8.0 How to respond to a concern

    • Make a note of your concerns.
    • Make a note of what the person has said using his or her own words as soon as practicable. Complete an Incident Form and submit it to the Designated Safeguarding Officer.
    • Remember to make safeguarding personal. Discuss your safeguarding concerns with the adult, obtain their view of what they would like to happen, but inform them it’s your duty to pass on your concerns to your lead safeguarding or welfare officer.
    • Describe the circumstances in which the disclosure came about.
    • Take care to distinguish between fact, observation, allegation, and opinion. It is important that the information you have is accurate.
    • Be mindful of the need to be confidential at all times; this information must only be shared with your Designated Safeguarding Officer and others on a need-to-know basis.
    • If the matter is urgent and relates to the immediate safety of an adult at risk, then contact the emergency services immediately.

9.0 Safeguarding Adults Flowchart

Graduate Mentor Safeguarding Adult at Risk Policy 5

10.0 Virtual Mentoring

Due to the COVID-19 pandemic and social distancing measures, Graduate Mentor is no longer able to offer face-to-face mentoring for the foreseeable future. We have therefore pivoted our offer to provide virtual mentoring. Graduate Mentor has developed new policies/procedures and a suite of resources and guidance to support safe and secure mentoring taking place online.

These virtual mentoring documents are available on the website and via the online platform. If a Mentor or Mentee has a concern, this will be actioned as per the guidance in this policy.

10.1 – Mentors and Adults at Risk

Communicating online instead of in person can mean that communication can become more informal and professional boundaries between a mentor and mentee can become blurred. Mentors must always remember that they have a professional relationship with their mentee and adhere to the guidance provided by Graduate Mentor. Section 13 outlines the suite of resources available to Mentors to support a range of safeguarding scenarios. These can be found on our website and the online platform.
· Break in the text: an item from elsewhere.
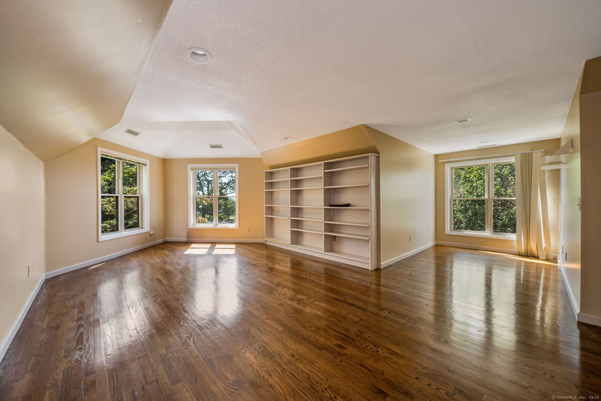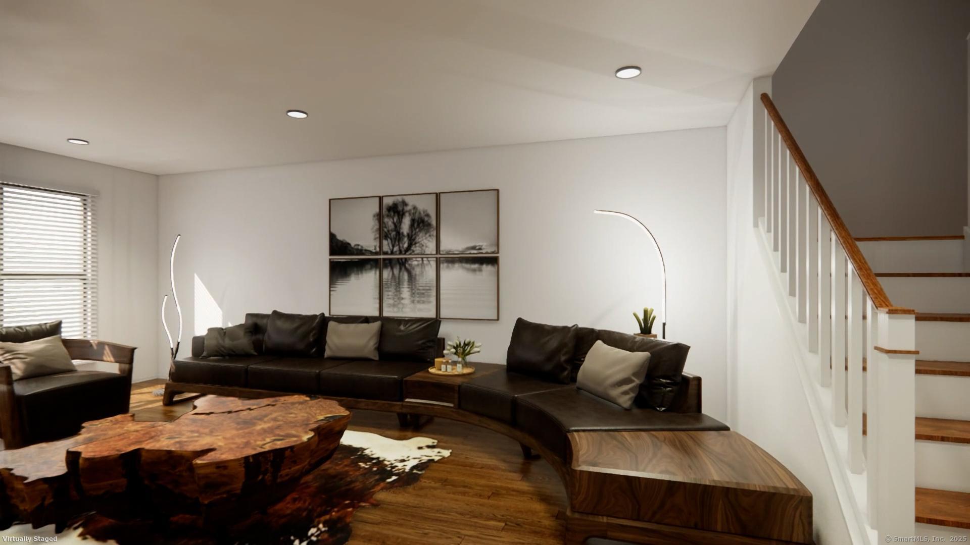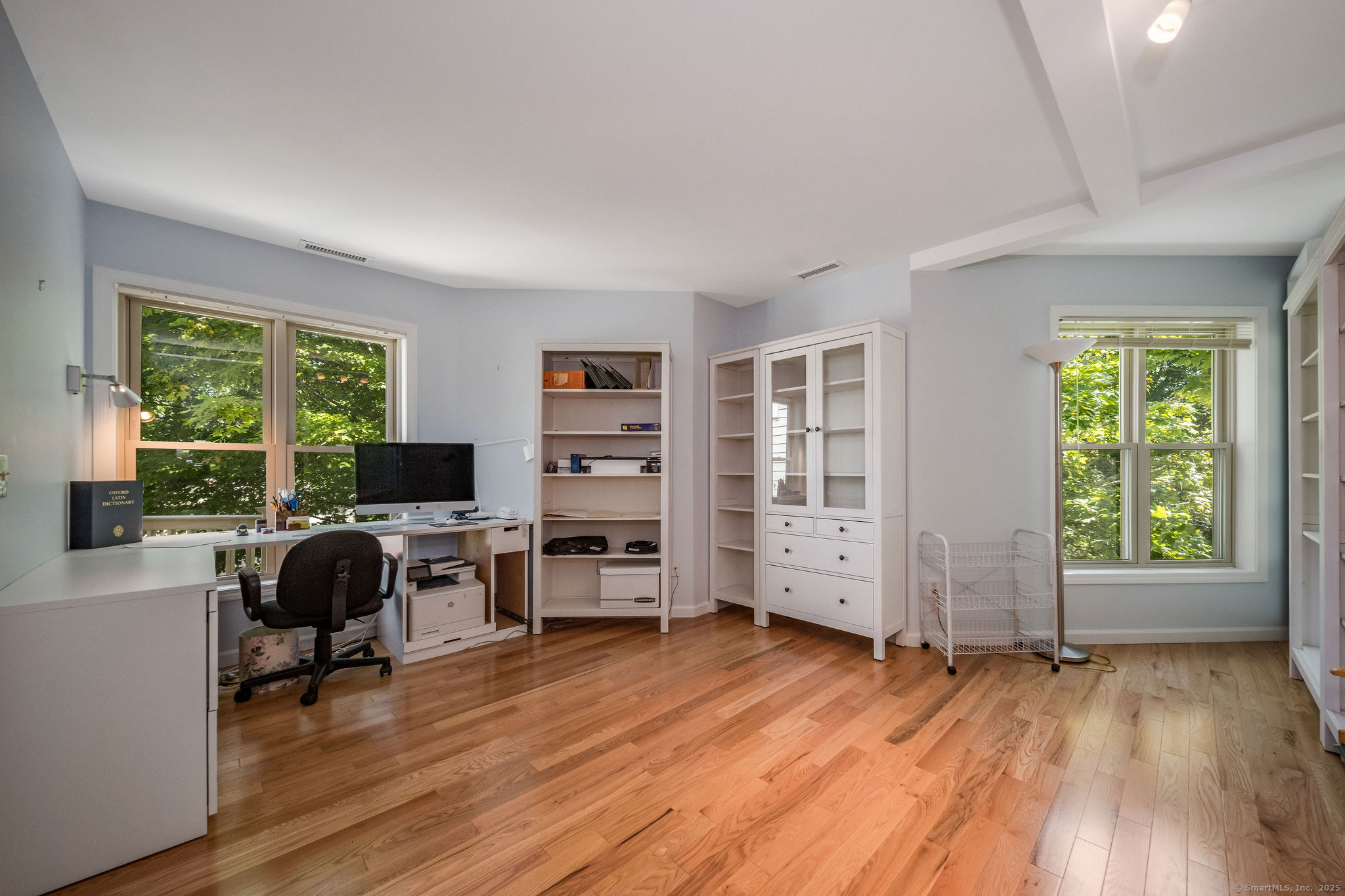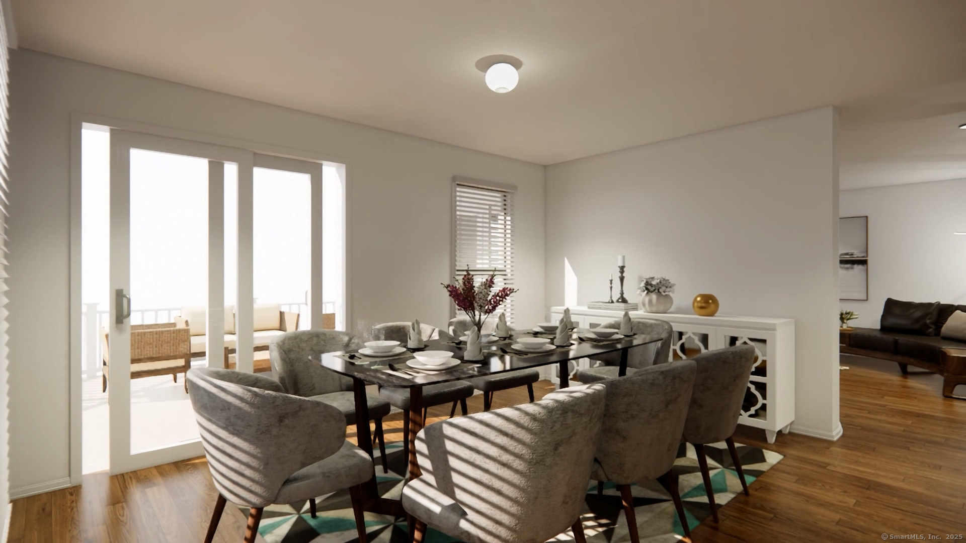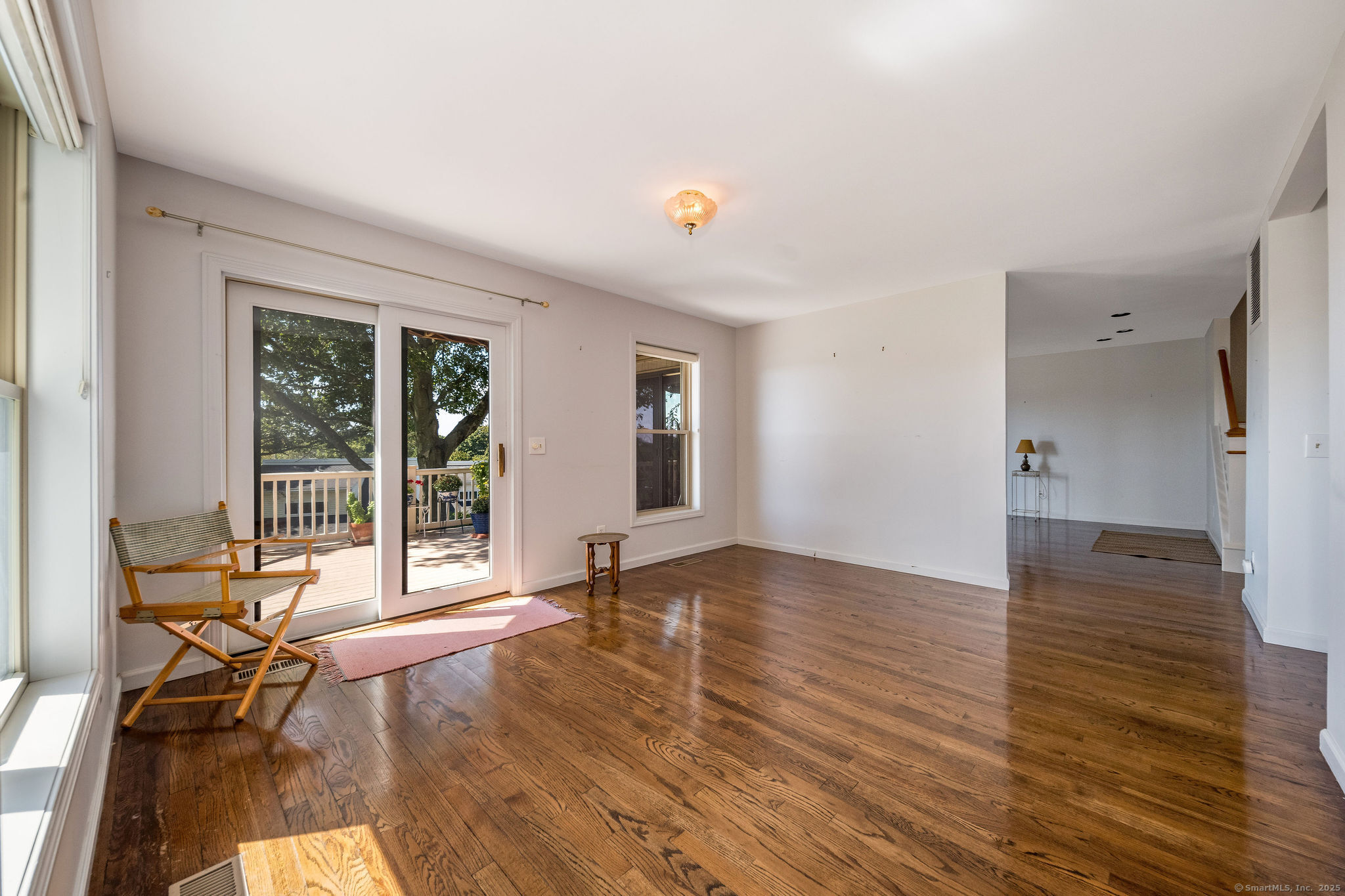 Stunning waterfront end unit with panoramic southerly views over the Branford River! This sun-filled townhome in a thoughtfully designed community features varied ceiling heights and unique vistas throughout. The renovated eat-in kitchen, dining room, and living room all showcase water views, while the living room adds a fireplace and deck access for seamless indoor-outdoor living. Thoughtful layout includes a first-floor guest bedroom and spectacular south-facing primary suite with river views, fireplace, private deck, and abundant built-ins. Two additional guest bedrooms and full bath complete the second floor. The third level offers a generous library/office/entertainment room with hardwood floors and potential for an additional bedroom. Lower level provides two flexible rooms perfect for office, media, crafts, or home gym. Two-car garage with ample storage. Association amenities include a renovated clubhouse, solar-heated pool, tennis/pickleball court, and kayak storage with river access. Prime location minutes from Branford Train Station, town center, multiple marinas, and Foote Park. Just 15 minutes to Yale, 75 miles to NYC. See link for rendered video.

10.2 – Mentees and Adults at Risk

Communicating online instead of in person can mean that communication can become more informal and professional boundaries between a mentor and mentee can become blurred. Mentees should always remember that they have a professional relationship with their mentor and always follow the guidance provided by Graduate Mentor. Section 13 outlines the suite of resources available to Mentees to support a range of safeguarding scenarios. These can be found on our website and the online platform.

11.0 Good practice, poor practice, and abuse

It can be difficult to distinguish poor practice from abuse, whether intentional or accidental. It is not the responsibility of any individual involved in Graduate Mentor to make judgments regarding whether or not abuse is taking place; however, all Graduate Mentor personnel have the responsibility to recognize and identify poor practice and potential abuse and act on this if they have concerns. Graduate Mentor Good practice expects that staff members:

  1. Adopt and endorse the Graduate Mentor Codes of Conduct.
  2. Have completed a course in basic awareness in working with and safeguarding Adults. Everyone should: Aim to make the experience of Graduate Mentor fun and enjoyable. Promote fairness and equality. Not tolerate the use of prohibited or illegal substances. Treat all adults equally and preserve their dignity; this includes giving all members of a group similar attention, time, and respect.

12.0 Relevant Policies

This policy should be read in conjunction with the following policies

  • Whistle-Blowing
  • Social media
  • Complaints
  • Disciplinary
  • Equality, diversity, and inclusion
  • Safeguarding Policy

Relevant Virtual Mentoring Policies

  • Code of Conduct
  • Virtual Mentoring Guidance for Mentees
  • Virtual Mentoring Guidance for Mentors
  • Guide to Virtual Mentoring
  • Mentoring Agreement
  • Safeguarding Flow Chart

Appendix 1

Safeguarding Adults Incident Form

Download our incident form to the right. This is to be completed as fully as possible if you have concerns regarding an adult. It is important to inform the adult about your concerns and that you have a duty to pass the information on to the safeguarding officer. The Designated Safeguarding Lead Officer will then look at the information and start to plan a course of action, in conjunction with yourself, the adult involved and if necessary social care or other relevant organisations.

  • Appendix 2

Making Safeguarding Personal

There has been a cultural shift towards Making Safeguarding Personal within the safeguarding process. This is a move from prioritising outcomes demanded by bureaucratic systems. The safeguarding process used to involve gathering a detailed account of what happened and determining who did what to whom. Now the outcomes are defined by the person at the centre of the safeguarding process.

The safeguarding process places a stronger emphasis on achieving satisfactory outcomes that take into account the individual choices and requirements of everyone involved.

What good is it making someone safer if it merely makes them miserable?” – Lord Justice Mundy, “What Price Dignity?” (2010)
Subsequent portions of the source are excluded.